City planners have a different vision for the neighborhood. By converting a lane in each direction to transit use and slowing traffic, planners say they could make U.S. 40 a less attractive commuter route and induce many suburbanites to leave their cars at a park-and-ride and take the train downtown.

Some of the resistance to surface light rail flows from Baltimoreans' experience with the north-south line that opened in the early 1990s. Part of an early generation of light rail lines around the country, the line has had numerous operational problems over the years and has been blamed by some as a contributing factor in the decline of Howard Street.

Jamie Kendrick, deputy director of the city's Department of Transportation, said any new light rail system would represent a newer generation of technology - operating more quietly, more smoothly and lower to the ground.

"We have the opportunity to do this totally differently."

Some opponents of the limited-tunneling plan say the proposal doesn't differ enough from the current system. They want to force the MTA to go back to the drawing board, even at the cost of a delayed start to construction, to study a heavy-rail system such as the Metro subway.

The MTA recently made an informal examination of heavy rail but concluded that it was too expensive.

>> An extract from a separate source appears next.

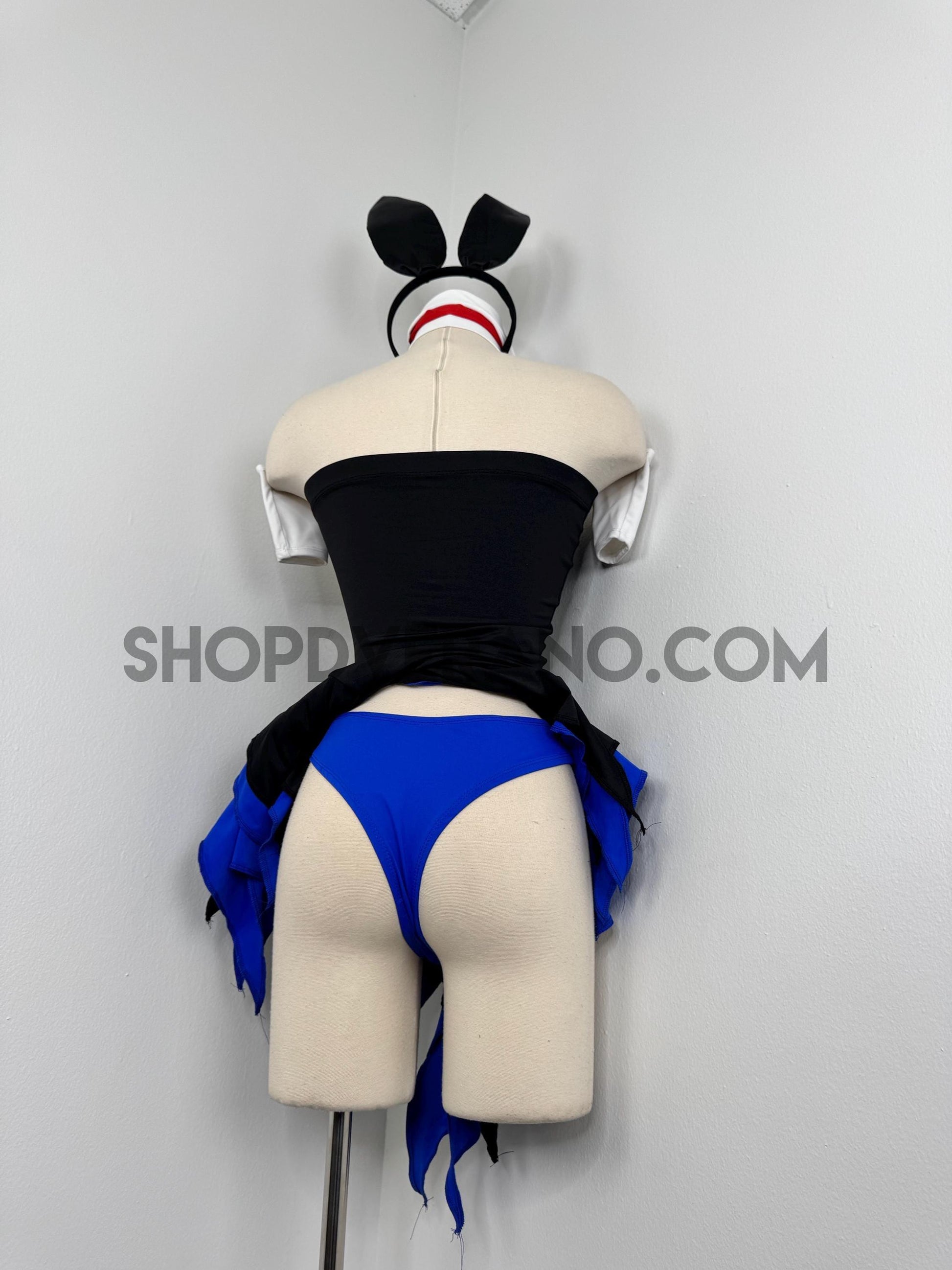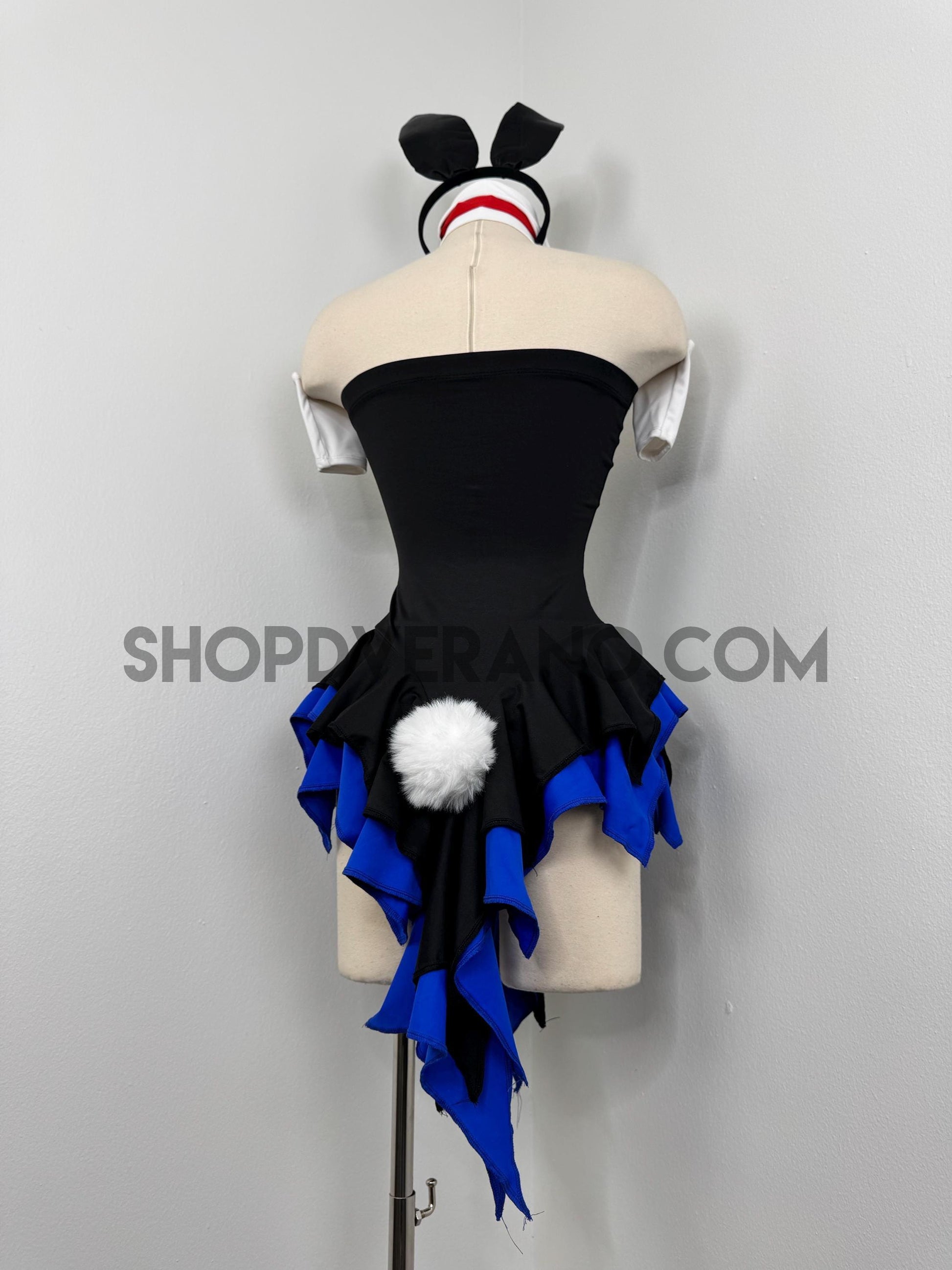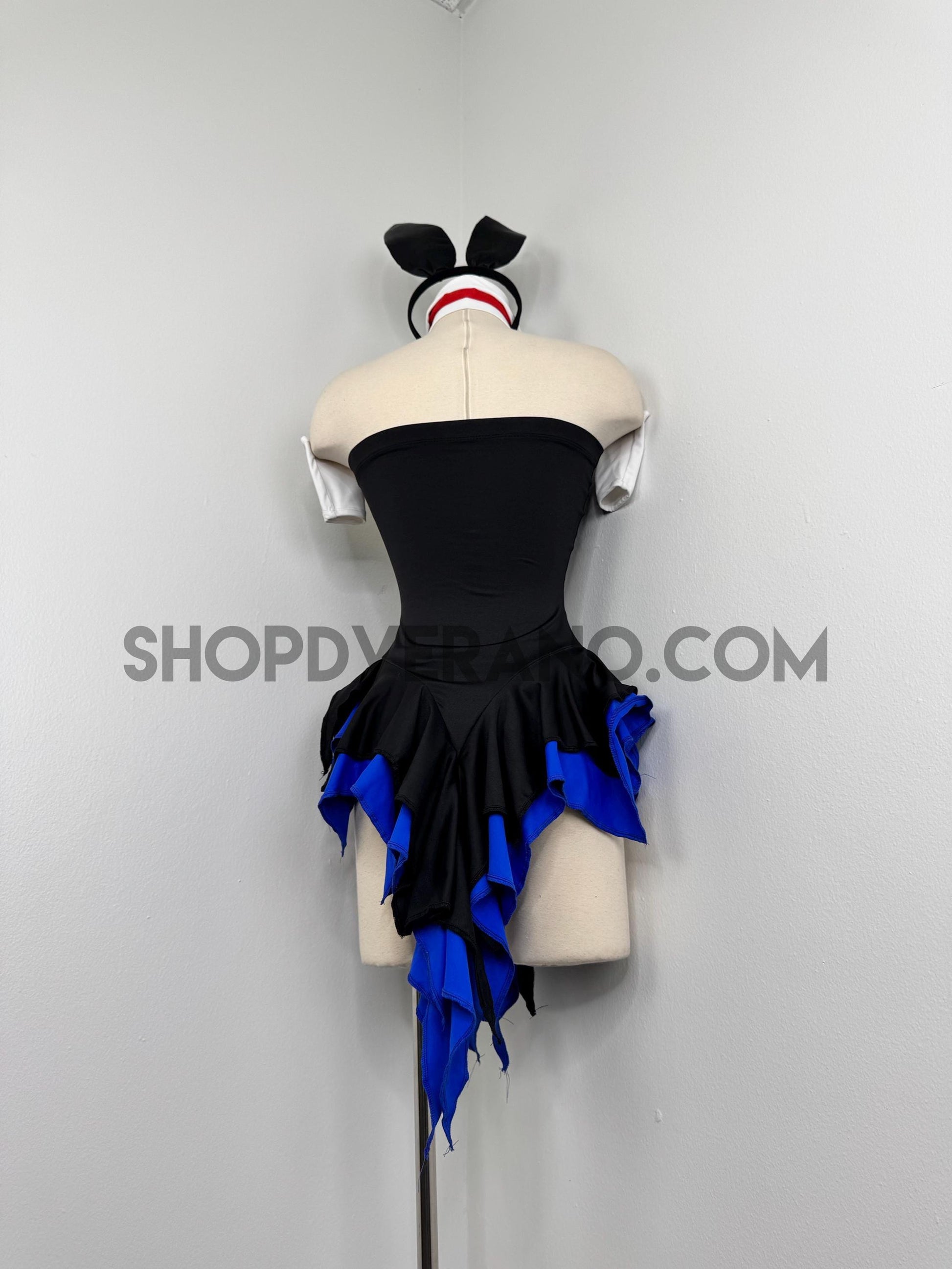 The sculpted bodice flows into layered fairy skirt panels, combining sharp lines with soft movement for a silhouette that highlights the waist and elongates the legs. The contrasting color story gives the look a playful, futuristic edge; balancing boss level confidence with fairycore charm.

Edward Cohen, founder and past president of the Transit Riders Action Council, contends that the agency judged heavy and light rail by different standards. "The MTA rigged the heavy rail examination," said Cohen, whose group says the higher speeds of a subway would attract more ridership.

The Red Line also faces lingering opposition in East Baltimore, where some residents of the Canton waterfront share the same concerns as their West Baltimore counterparts about a surface rail line.

Gov. Martin O'Malley will decide what is called the "locally preferred alternative" early next year after receiving the MTA's recommendation. There is little in his record to suggest he wouldn't go along with the GBC and the city administration.

But neighborhood groups and transit advocates are unlikely to concede the last word to the governor. They are already threatening to take the matter to court and to the General Assembly.

Kendrick said it would be unfortunate if their opposition prevailed. "If we miss this opportunity right now, we could miss it for a generation."